Le début de la fin de la dictature

Les évènements de Polytechnique débutent le 14 novembre 1973, lorsque les étudiants décident l’occupation de l’université et mettent en place une radio émettant clandestinement. Les mots d’ordre sont, entre autres, « pain, éducation, liberté », « mort au fascisme», « Etats-Unis et Otan dehors »,  alors que les étudiants adressent cet appel radio à la population : « Ici Polytechnique ! Peuple de Grèce, Polytechnique est le porte-drapeau de notre combat, de votre combat, de notre combat commun contre la dictature et pour la démocratie ».

Les manifestations qui se déroulent autour de l’Ecole Polytechnique prennent  rapidement de l’ampleur. Des milliers de travailleurs, ouvriers, agriculteurs ainsi que de très nombreux lycéens convergent vers le centre d’Athènes. En dépit des charges violentes de la police, dont l’objectif est d’empêcher toute jonction entre ces manifestants et les étudiants retranchés dans l’université, la manifestation du 16 novembre 1973 rassemble plus de 150.000 personnes.

Face au risque de soulèvement généralisé, la dictature décide de déployer des moyens militaires et ordonne l’évacuation de Polytechnique. La nuit du 17 novembre, un char enfonce le portail de l’entrée de l’université, écrasant deux ou trois étudiants. Des militaires évacuent l’université et livrent les étudiants à la police qui commettra des exactions, alors que des snippers postés aux alentours de l’université ouvrent le feu.

Ce soulèvement, initié par les étudiants auxquels se joindront de larges pans de la population, marque le début de la fin de la dictature, qui chutera  le 23 juillet 1974.

41 ans plus tard, une commémoration sous tension

Afin d’en affirmer le caractère historique et symbolique, le 17 novembre est devenu un jour de commémorations, marquées par un recueillement sur le lieu de la répression, au sein de Polytechnique, suivi d’une manifestation, qui aboutit traditionnellement devant l’ambassade des Etats-Unis.

La manifestation du 17 novembre vise non seulement à honorer la mémoire et le combat des victimes de 1973 mais aussi à rappeler le message de ce soulèvement. Massives dans un premier temps, ces manifestations conservent un caractère revendicatif et rassemblent toujours plusieurs milliers de manifestants.

Fidèle à sa stratégie de la tension, le gouvernement de coalition actuel, rassemblant les conservateurs de la Nouvelle démocratie et les restes du parti socialiste, a jeté de l’huile sur le feu en prévision de la manifestation d’aujourd’hui, qui donne régulièrement lieu à des affrontements avec les forces de l’ordre.

Après avoir, dans un premier temps, ordonné la fermeture de plusieurs sites universitaires afin d’empêcher, selon la version officielle, toute tentative d’occupation par les étudiants, entraînant une mobilisation des syndicats étudiants qui ont été chargés par les CRS, l’enceinte de Polytechnique a été ouverte au public.

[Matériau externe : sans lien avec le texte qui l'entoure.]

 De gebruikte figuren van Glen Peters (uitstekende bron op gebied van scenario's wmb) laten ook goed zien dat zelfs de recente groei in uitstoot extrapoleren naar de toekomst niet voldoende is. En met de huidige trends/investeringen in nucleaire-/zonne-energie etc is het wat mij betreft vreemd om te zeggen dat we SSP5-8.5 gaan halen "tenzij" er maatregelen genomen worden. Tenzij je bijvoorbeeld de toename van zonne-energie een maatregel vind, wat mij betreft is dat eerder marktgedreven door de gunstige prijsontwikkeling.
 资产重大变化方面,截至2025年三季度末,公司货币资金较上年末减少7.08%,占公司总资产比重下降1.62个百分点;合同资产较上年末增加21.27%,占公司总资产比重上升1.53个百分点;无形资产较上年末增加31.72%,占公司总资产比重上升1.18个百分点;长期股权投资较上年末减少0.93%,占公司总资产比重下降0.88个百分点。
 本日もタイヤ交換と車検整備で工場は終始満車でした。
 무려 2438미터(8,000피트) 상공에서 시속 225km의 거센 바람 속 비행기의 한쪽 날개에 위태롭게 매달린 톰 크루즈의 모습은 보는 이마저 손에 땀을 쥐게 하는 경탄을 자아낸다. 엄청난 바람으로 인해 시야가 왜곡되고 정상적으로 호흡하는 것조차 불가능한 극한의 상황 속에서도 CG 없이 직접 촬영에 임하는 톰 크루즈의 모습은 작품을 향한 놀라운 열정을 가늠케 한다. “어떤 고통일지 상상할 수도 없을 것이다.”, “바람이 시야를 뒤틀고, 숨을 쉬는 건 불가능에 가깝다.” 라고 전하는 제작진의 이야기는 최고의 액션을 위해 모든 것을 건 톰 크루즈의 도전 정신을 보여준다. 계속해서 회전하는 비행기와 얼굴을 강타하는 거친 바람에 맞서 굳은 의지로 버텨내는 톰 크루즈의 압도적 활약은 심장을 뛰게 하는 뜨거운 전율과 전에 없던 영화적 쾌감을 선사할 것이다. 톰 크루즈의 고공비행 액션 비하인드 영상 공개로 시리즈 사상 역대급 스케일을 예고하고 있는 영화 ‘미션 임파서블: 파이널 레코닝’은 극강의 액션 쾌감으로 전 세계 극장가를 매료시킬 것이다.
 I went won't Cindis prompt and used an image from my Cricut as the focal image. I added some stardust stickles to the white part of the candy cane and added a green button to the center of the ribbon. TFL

La manifestation devrait être importante aujourd’hui, offrant l’occasion de s’élever une nouvelle fois contre la politique du gouvernement actuel, qui en dépit des annonces d’une reprise de la croissance, doit faire face à la colère des 27% de chômeurs, des salariés précarisés, des ménages ayant subi la baisse de leurs revenus et faisant face à l’impossibilité de rembourser leurs emprunts, des usagers des services publics constatant la dégradation constante des services de santé et d’éducation.

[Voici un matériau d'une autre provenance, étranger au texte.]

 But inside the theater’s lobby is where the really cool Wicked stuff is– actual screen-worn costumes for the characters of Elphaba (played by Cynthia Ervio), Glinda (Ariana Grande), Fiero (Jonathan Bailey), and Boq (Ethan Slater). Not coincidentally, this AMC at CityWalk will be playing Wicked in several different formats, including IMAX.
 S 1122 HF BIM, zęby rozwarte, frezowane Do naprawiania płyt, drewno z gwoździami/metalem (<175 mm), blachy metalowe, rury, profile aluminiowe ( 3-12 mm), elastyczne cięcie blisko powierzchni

A titre d’exemple, afin de prendre la mesure de la situation économique et sociale actuelle, il suffit de mentionner les déclarations du ministre de l’Education, Monsieur Loverdos, issu du PS, qui n’a pas hésité à affirmer, le 7 novembre, qu’il envisageait de demander à des professeurs d’enseigner de manière bénévole, sans rémunération, afin de combler les quelques 1000 postes d’enseignants vacants dans les écoles. Tout en concédant que cette mesure était difficile à accepter, il a justifié ce projet par les contraintes budgétaires pesant sur son ministère.

Le cortège des manifestants se lancera aujourd’hui avec comme mots d’ordre « pain, éducation, liberté » ou encore « la dictature ne s’est pas terminée en 1973 ».